HSA plans carry many advantages with their use, making them one of the most preferred health plans. With an HSA plan, policyholders can;
- Pay for medical costs with untaxed dollars
- Save for retirement using an HSA
- Save on taxes
- Control where and what their dollars do
The drawdowns of having an HSA plan is that individuals must have a high deductible health plan (HDHP) to be eligible for the policy. Also, the HDHP should have a minimum deductible of $1,350 for single coverage or $2,700 for family coverage to be eligible for an HSA.
High Deductible Health Plans are, simply put, plans that carry high deductible minimums before health insurance are applied. Insurance premiums for HDHP are lower than traditional health plans because the policyholder pays higher out-of-pocket costs than they would in a conventional health plan.
Health Maintenance Organization (HMO) Plans
HMO health plans are a type of managed healthcare plan. Unlike an HSA, the provider network for HMO plans is widely restricted, significantly lowering the choices of the policyholder. An HMO plan usually consists of particular health practitioners who can provide treatment to the policyholder.
Premiums for HMOs are typically the cheapest because the insurer negotiates lower costs for treatment with providers in exchange for sending their policyholders to them. HMO plans only provide coverage for approved providers in the network.

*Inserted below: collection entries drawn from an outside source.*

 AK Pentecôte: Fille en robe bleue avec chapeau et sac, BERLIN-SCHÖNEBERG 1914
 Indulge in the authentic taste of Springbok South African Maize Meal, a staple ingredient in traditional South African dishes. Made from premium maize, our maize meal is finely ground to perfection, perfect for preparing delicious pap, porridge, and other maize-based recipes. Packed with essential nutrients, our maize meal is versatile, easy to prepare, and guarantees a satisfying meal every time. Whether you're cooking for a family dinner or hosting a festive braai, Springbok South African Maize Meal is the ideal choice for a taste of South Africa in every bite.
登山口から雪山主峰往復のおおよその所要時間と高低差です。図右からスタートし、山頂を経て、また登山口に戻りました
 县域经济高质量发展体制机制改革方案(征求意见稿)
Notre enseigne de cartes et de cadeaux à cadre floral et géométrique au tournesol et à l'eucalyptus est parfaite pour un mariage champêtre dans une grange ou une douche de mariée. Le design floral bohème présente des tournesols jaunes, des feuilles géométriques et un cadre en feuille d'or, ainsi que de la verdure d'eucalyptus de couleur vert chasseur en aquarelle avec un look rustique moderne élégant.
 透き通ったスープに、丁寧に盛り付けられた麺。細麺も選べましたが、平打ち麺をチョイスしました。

Further treatment outside of the approved provider is only covered when referred by the primary care physician.
Preferred Provider Organization (PPO) Plans
A preferred provider organization plan works similarly to an indemnity plan because it allows policyholders to choose their own hospitals or medical providers. However, like an HMO plan, a PPO consists of a network of hospitals and providers, which a policyholder can choose from. A policyholder may also decide to seek treatment outside of the insurer's provider network for an additional cost.
A major upside of PPO plans is that policyholders can decide to visit a provider outside the network for specialist care without having to first consult with their primary care physician and still be covered under the policy. Insurers only pay a lesser amount when policyholders seek treatment from physicians outside the network.

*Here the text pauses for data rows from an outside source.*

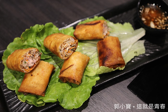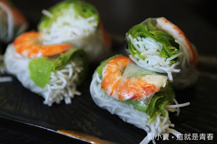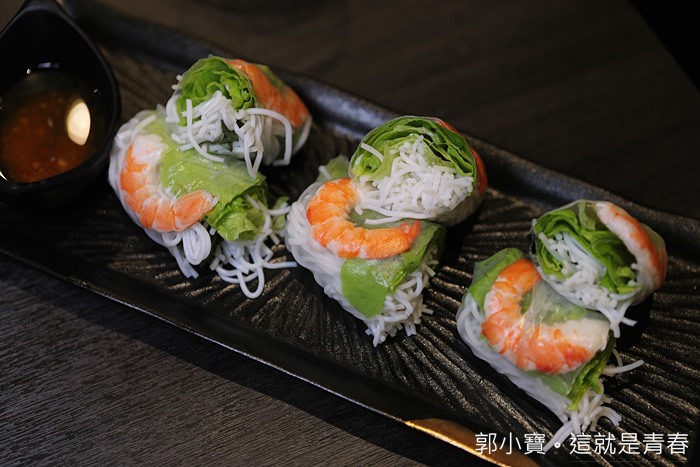 越南料理店必點的越式生春捲這邊也可以吃的到,夏天吃一卷越式生春捲真的幸福破表,裡面的米線搭配水煮蝦子,然後再沾點酸辣的酸甜魚露醬真的超解暑,這就是初夏的滋味,隱藏版的就是推薦大家沾是差拉醬,滋味更是與眾不同!! |
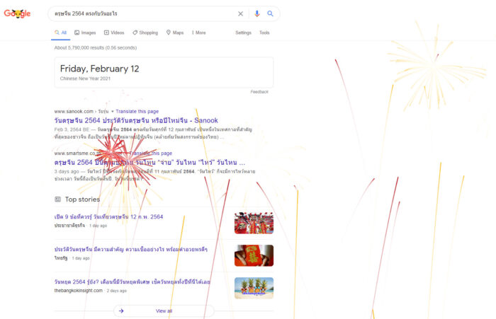 เมื่อเราต้องการรู้ “ตรุษจีน 2564 ตรงกับวันอะไร?” หน้า ของ google จะ เป็น หน้าฉลองปีใหม่ปี 2564 แบบใหม่ วันตรุษจีน 2564 ตรงกับวันศุกร์ที่ 12 กุมภาพันธ์ เป็นหนึ่งในเทศกาลที่สำคัญที่สุดของชาวจีน ถือเป็นวันขึ้นปีใหม่ตามปฎิทินจีน (คล้ายกับวันสงกรานต์ของไทย) ชาวจีนทุกคนให้ความสำคัญกับวันนี้อย่างมาก มีการหยุดงานเป็น
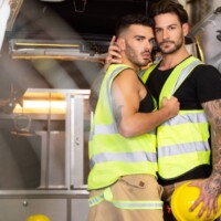 Papi Kocic and Pol Prince are ready for a break after a hard and sweaty morning, but Pol forgot the coffee. Papi takes the opportunity to make a hole in the doughnut box and slide his thick cock through one of the delicious pastries, then talks Pol into touching it!

Point-of-Service (POS) Plans
A POS plan is a mashup of an HMO and a PPO plan. A POS plan offers policyholders lesser costs when they choose practitioners within the network, thereby incentivizing them to stay within the insurer's network, but does not limit the policyholder to this network.
With a point-of-service plan, the insured can also decide to receive treatment within and outside the insurer's network.
Finding Health Insurance
Finding the perfect health insurance plan can sometimes mean a bit of shopping around, but this will pay off in the long run. First, it is important to know exactly what your needs are and what you need covered. Individuals with preexisting health conditions can often face higher premiums when they apply for insurance. However, healthy, young individuals qualify for low premiums.

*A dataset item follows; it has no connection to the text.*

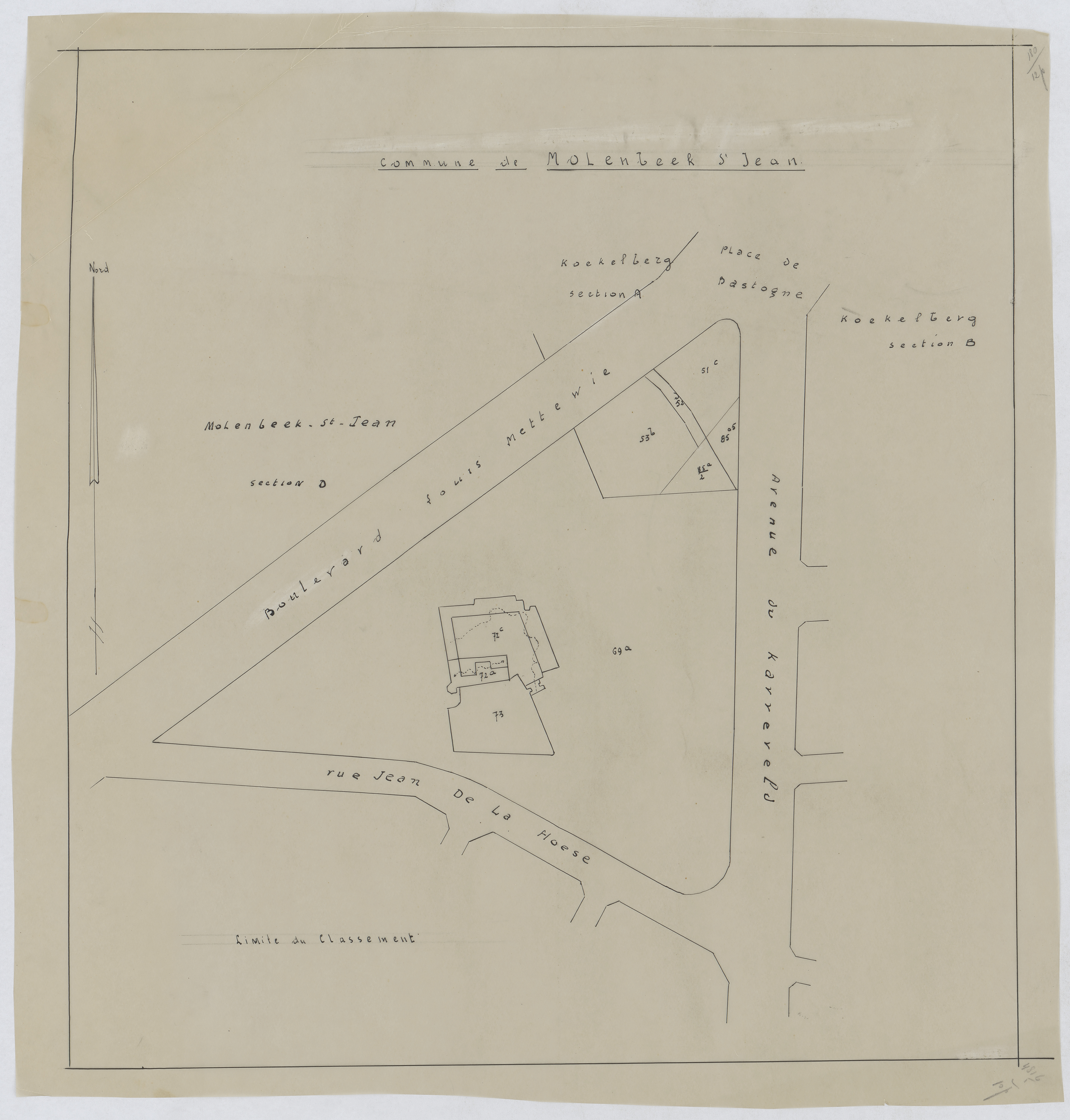 Opschrift: Commune de Molenbeek-St.-Jean. Omschrijving plan: situatieplan Datum KCML: deze informatie wordt niet vermeld op het archiefstuk Archiefnummer: B1967
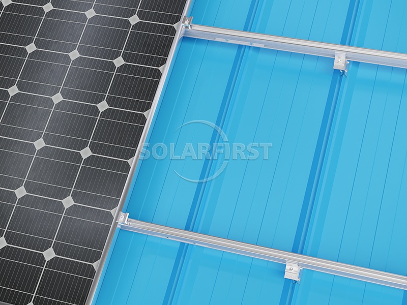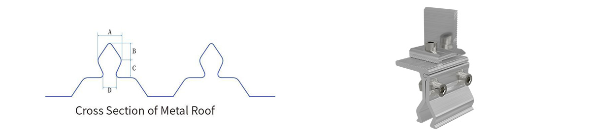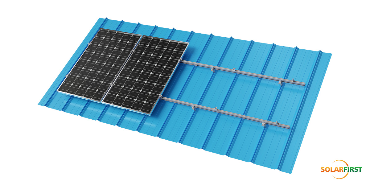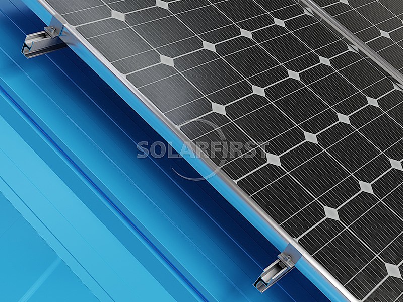The system utilizes lightweight aluminum metal roof mounting bracket components and rails that minimize additional load on the underlying roof structure. The specifically engineered angular solar clamps roof mounts are designed to accommodate various angular roofing sheet profiles, ensuring secure attachment without roof penetration. For enhanced flexibility, the roof clamp can be combined with L-foot brackets to achieve optimal solar module elevation and positioning.

The budget needs to be taken into account too. The applicant has to make sure that they can afford the monthly premiums on the policy before signing a contract with the insurer.
Individuals who cannot afford private health insurance qualify for public or government health insurance and can get coverage under any of its plans. Employers can also offer health insurance as part of incentive packages for employees.
Benefits Of Health Insurance
Health insurance carries both tax and savings benefits for policyholders. Insureds do not have to worry about treatment expenses when they are ill. They can rest easy knowing that they are not incurring debt while in the hospital or paying for medications.
Health insurance premiums are tax-deductible for the policyholder, and any benefits received are tax-free. The only exception for these are employees of S corporations.